AttendanceRate: Percentage of classes attended by the student.
HomeworkScore: Average score on homework assignments.
PreviousGPA: GPA from previous semesters or courses.
ExtracurricularActivity: Indicates whether the student participates in extracurricular activities.
Values: 0 (No), 1 (Yes).
FinalGrade: The final grade or score received by the student in the course.
Question 1
Import the dataset and explore it (Identify the types of variables, number of observations and view first few rows).
Create a box plot to visualize the relationship between FinalGrade and ExtracurricularActivity and interpret it.
Create a scatter plot to visualize the relationship between FinalGrade and StudyHours and interpret it.
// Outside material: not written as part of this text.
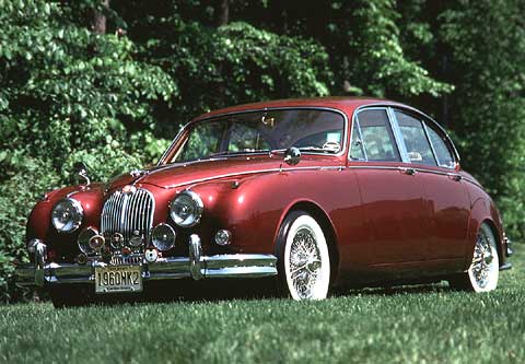 JAGUAR Mk II 3,8 Litre Von 1960 bis 1967 bot JAGUAR den Mk II auch mit einem 6-Zylinder-3,8-Liter-Motor an. Das abgebildete Fahrzeug, Modell 1960, trägt schon den damals noch sehr seltenen Metalliclack, dazu Weißwandreifen, Drahtspeichenfelgen und grünes Colorglas. Diverse Club-Embleme zieren die Stoßstange des in New Jersey zugelassenen JAGUAR Technische Daten: Länge 4,59 m; Breite 1,69 m; Höhe 1,43m; Radstand 2,73 m; Leergewicht 1448 kg 6 Zylinder; 12 Ventile; DOHC; 3781 ccm; 220 PS bei 5500 U/min; 325 Nm bei 3000 U/min; Höchstgeschwindigkeit 201 km/h (125 mph); 0-100 km/h 8,5 Sekunden; Durchschnittsverbrauch 16 Liter; Tankinhalt 55 Liter

Construct the matrix plot and correlation matrix. Comment on the relationship among variables. (Hint: exclude any categorical variables, if present.)
Question 2
Fit a simple linear regression model to predict FinalGrade in terms of StudyHours and give the model summary.
Test the significance of the slope parameter (Write down the relevant hypothesis).
Interpret the slope parameter. (Note: no need to interpret the intercept)
Discuss the accuracy of the parameter estimates.
Discuss the overall accuracy of the model.
Check for the model assumptions.
Write down the model equation.
Predict the FinalGrade of a student who studied 40 hours using the model in part g).
Question 3
Fit a multiple linear regression model to predict FinalGrade in terms of all the other variables in the dataset and give the model summary.
Remove insignificant variables (if there is any) and fit a model including the rest of the variables.
Add the interaction term between StudyHours and PreviousGPA to the model above (part b) and give the model summary.
Comment on the significance of the parameters of the model above (part c).
Compare and comment on the accuracy of the models in part b) and part c).
Fit a polynomial regression model to FinalGrade using StudyHours of order 2 and test the model significance. Give the resulting model.